The usage pattern my implementation covers is "a background task that can send and receive messages and process timer-based events". While this looks simple, and even primitive, it can be used to solve many different kinds of problems, especially as you can ignore the message-processing part or the timer event part, if you don't need them.

Let us look at the implementation now. TCommTimerThread is derived from the TCommThread class so that it can reuse its communication mechanism. It exposes a public property Interval, which you can use to set the timer interval, in milliseconds. Setting  Interval to a value equal to or smaller than zero disables the timer. In addition to that, the code uses a FTimer: TStopwatch record to determine the time to the next timer event.

Instead of overriding the Execute function, you override four methods (or just some of them). Initialize is called immediately after the thread is created, and Cleanup is called just before it is destroyed. You can do your own initialization and cleanup inside them. ProcessTimer is called each time a timer event occurs, and ProcessMessage is called for each received message. The code fragment here shows all the important parts of the TCommTimerThread:

TCommTimerThread = class(TCommThread)


strict private


FInterval: integer;


FTimer: TStopwatch;


protected


procedure Cleanup; virtual;


procedure Execute; override;


procedure Initialize; virtual;


procedure ProcessMessage(const msg: TValue); virtual;


procedure ProcessTimer; virtual;


public


property Interval: integer read GetInterval write SetInterval;


end;

All important parts of the functionality are implemented in the overridden Execute method. It is very similar to TMyThread.Execute, except that the WaitFor timeout is calculated dynamically and that processing depends on the value returned from the WaitFor. If it returns wrSignaled, the code checks the Terminated flag and fetches waiting messages. If it returns wrTimeout, the timer is restarted, and the timer-handling function is called:

procedure TCommTimerThread.Execute;


var


awaited: TWaitResult;


timeout: Cardinal;


value: TValue;


begin


Initialize;


try


repeat


awaited := Event.WaitFor(CalculateTimeout);


event.ResetEvent;


case awaited of


wrSignaled:


begin


while (not Terminated) and GetMessage(value) do


ProcessMessage(value);


if Terminated then


break;


end;


wrTimeout:


begin


FTimer.Reset;


FTimer.Start;


ProcessTimer;


end


else


break; //Terminate thread


end;


until false;


finally


Cleanup;


end;


end;

The demonstration program implements TMyTimerThread, which uses this approach to implement the same functionality as the TMyThread. Instead of using a monolithic Execute, the code implements three very small overridden methods. Another change is that the local variable pingMsg is now a field, as it must be shared between different methods:

TMyTimerThread = class(TCommTimerThread)


strict private


FPingMsg: integer;


protected


procedure Initialize; override;


procedure ProcessMessage(const msg: TValue); override;


procedure ProcessTimer; override;


end;

The code to create this thread looks almost the same as the code that creates TMyThread, except that it also sets the interval between messages:

procedure TfrmThreadComm.btnStartTimerClick(Sender: TObject);


begin


FTimerThread := TMyTimerThread.Create(ProcessThreadMessages);


FTimerThread.Interval := 5000;


FTimerThread.SendToThread(42);


end;

Sending a message to the thread and stopping the thread looks completely the same as before. This thread also uses the same message receiver function in the main form, ProcessThreadMessage.

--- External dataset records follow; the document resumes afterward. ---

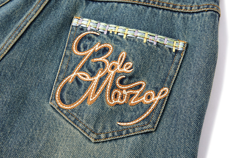 This wide-leg pant is designed to break the monotony of traditional jeans by blending multiple fashion elements into a boldly individualistic statement piece. Its relaxed, wide-leg silhouette aligns with the current trend of comfortable chic while flattering a variety of body types. The deconstructed patchwork design, inspired by street culture and retro aesthetics, combines different fabrics and patterns to create rich visual texture and a unique artistic vibe. The addition of playful patches and a detachable doll charm injects a dose of whimsy, making the style even more multifaceted. Embroidered text on the back pockets serves as the perfect finishing detail, elevating the design's sophistication and perceived quality. Available in two classic colors, it meets core wardrobe needs while offering versatile styling possibilities—perfect for any occasion that calls for fashion-forward personality.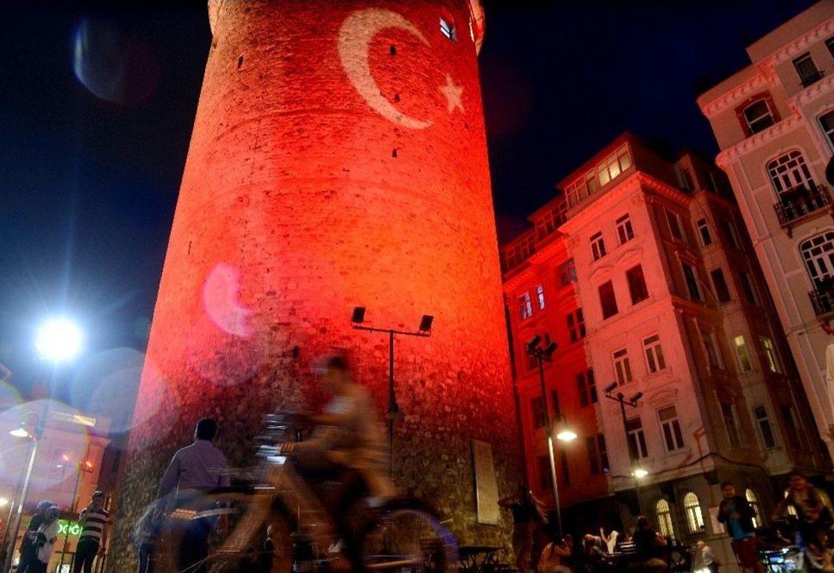 15 Temmuz Demokrasi ve Milli Birlik Günü kapsamında Galata Kulesi’ne Türk bayrağı yansıtıldı.İstanbul’un sembolleri arasında yer alan tarihi Galata Kulesi, 15 Temmuz darbe girişiminin yıl dönümünde ışıklandırıldı. İstanbul Büyükşehir Belediyesi tarafından yapılan aydınlatmayla Galata Kulesi’ne Türk bayrağı yansıtıldı. Kırmızı beyaza bürünen tarihi kuleye vatandaşlar da yoğun ilgi gösteriyor.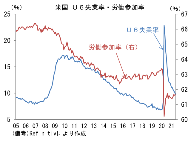 - 失業率は5.9%へと小幅上昇。労働参加率が61.64%へと0.03%pt上昇すると同時に、失業者数が+16.8万人となったことで見た目の失業率は上昇した。もっとも、フルタイムの職が見つからず止む無くパートタイム勤務に従事している人を失業者と見なした広義失業率(U6)は9.8%へと0.4%pt低下しており、労働市場の質的改善は進んでいると判断される。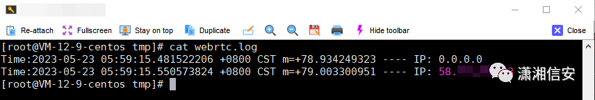 反向代理开启后会在当前目录下生成两个日志文件,access为访问日志,另一个为webrtc日志,找到的真实IP就会写入在这个文件中,如下图所示。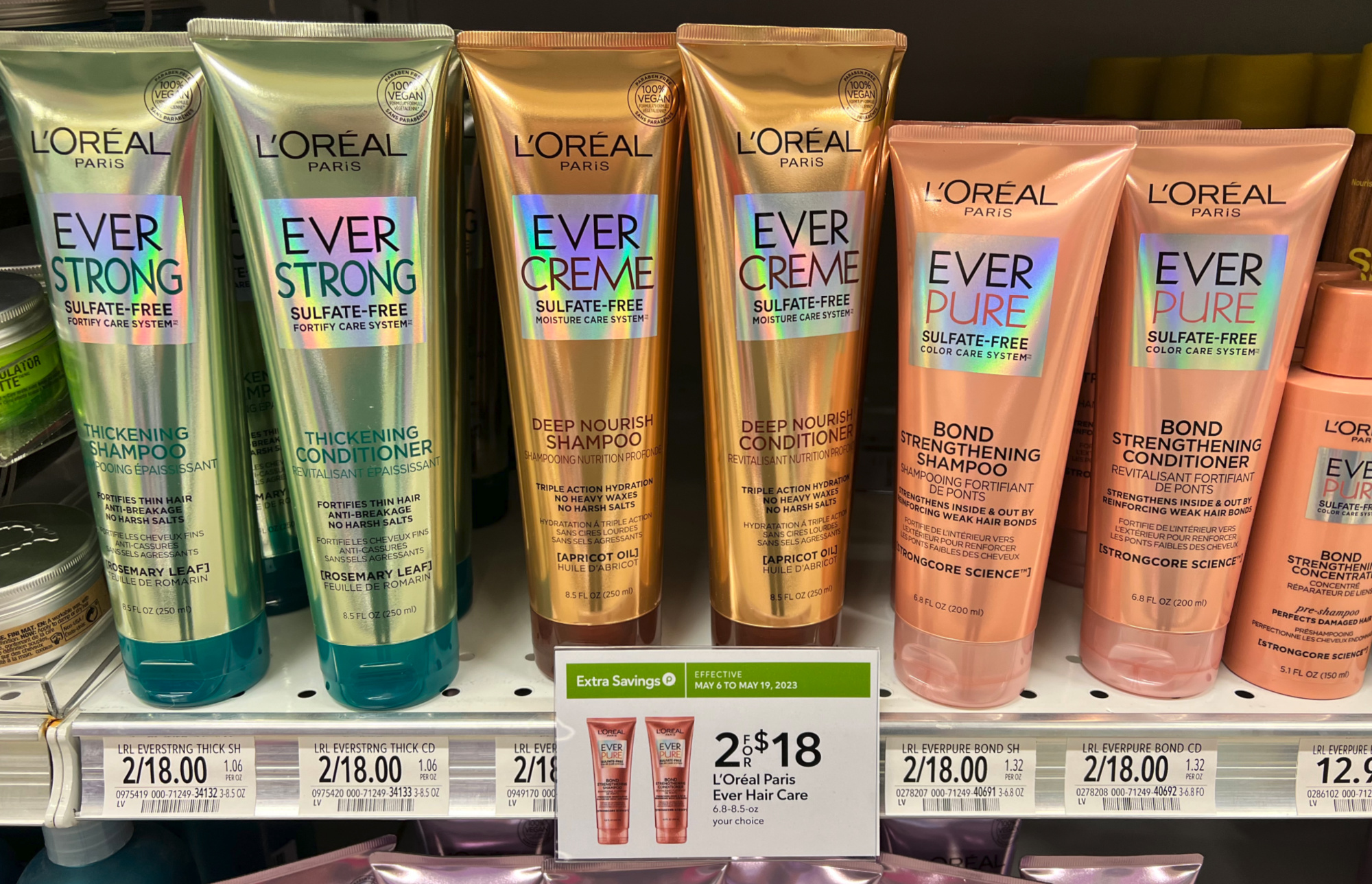 Grab a nice deal on L’Oreal Paris Ever Shampoo or Conditioner at Publix. Combine the sale and Ibotta offer to pay just $7 per bottle.
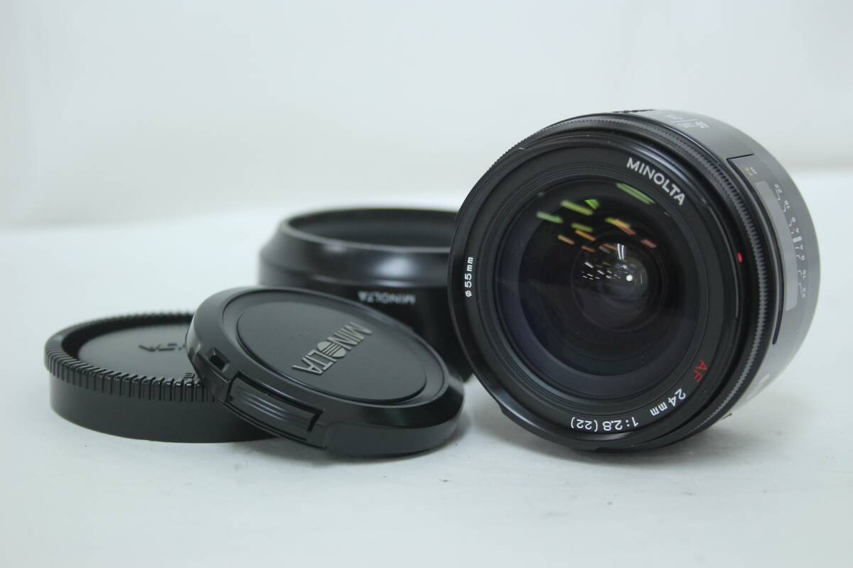 - 【返品保証】 ミノルタ Minolta AF 24mm F2.8 フード 前後キャップ付き レンズ v6815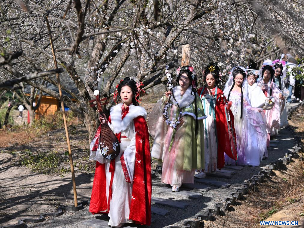 YONGTAI, 11 janvier (Xinhua) -- De jeunes femmes portant des vêtements traditionnels chinois visitent un jardin de pruniers en fleurs du district de Yongtai, dans la province chinoise du Fujian (sud-est), le 10 janvier 2026. Le festival annuel des pruniers en fleurs a débuté samedi et devrait promouvoir le tourisme local et mettre en valeur la beauté naturelle du district à travers diverses activités culturelles. (Photo : Jiang Kehong)

When a thread is initialized, the code sends a ping message to the owner. There's no need to initialize FPingMsg, as all of the object fields are initialized to zero when an object is created. The timer event handler, ProcessTimer, just calls the same helper function, SendPing, to send a message to the owner. And the message processing is trivial—it just sets the shared field:

procedure TMyTimerThread.Initialize;


begin


SendPing;


end;


procedure TMyTimerThread.ProcessMessage(const msg: TValue);


begin


FPingMsg := msg.AsInteger;


end;


procedure TMyTimerThread.ProcessTimer;


begin


SendPing;


end;


procedure TMyTimerThread.SendPing;


begin


if not SendToMain(TValue.From<TPingMsg>(


TPingMsg.Create(FPingMsg, ThreadID)))


then


raise Exception.Create('Queue full!');


end;

When the code is written in such way, it becomes clear why I prefer using patterns and communication over standard TThread code. There is no data sharing, no weird communication calls and, best of all, no mess.

Summary


While this chapter focused on a single topic, it was still quite diverse. You've learned everything about the TThread class, which is a basis for all multithreading code in Delphi. Even the task-based approach that we'll explore in the next chapter uses TThread as a basic building block.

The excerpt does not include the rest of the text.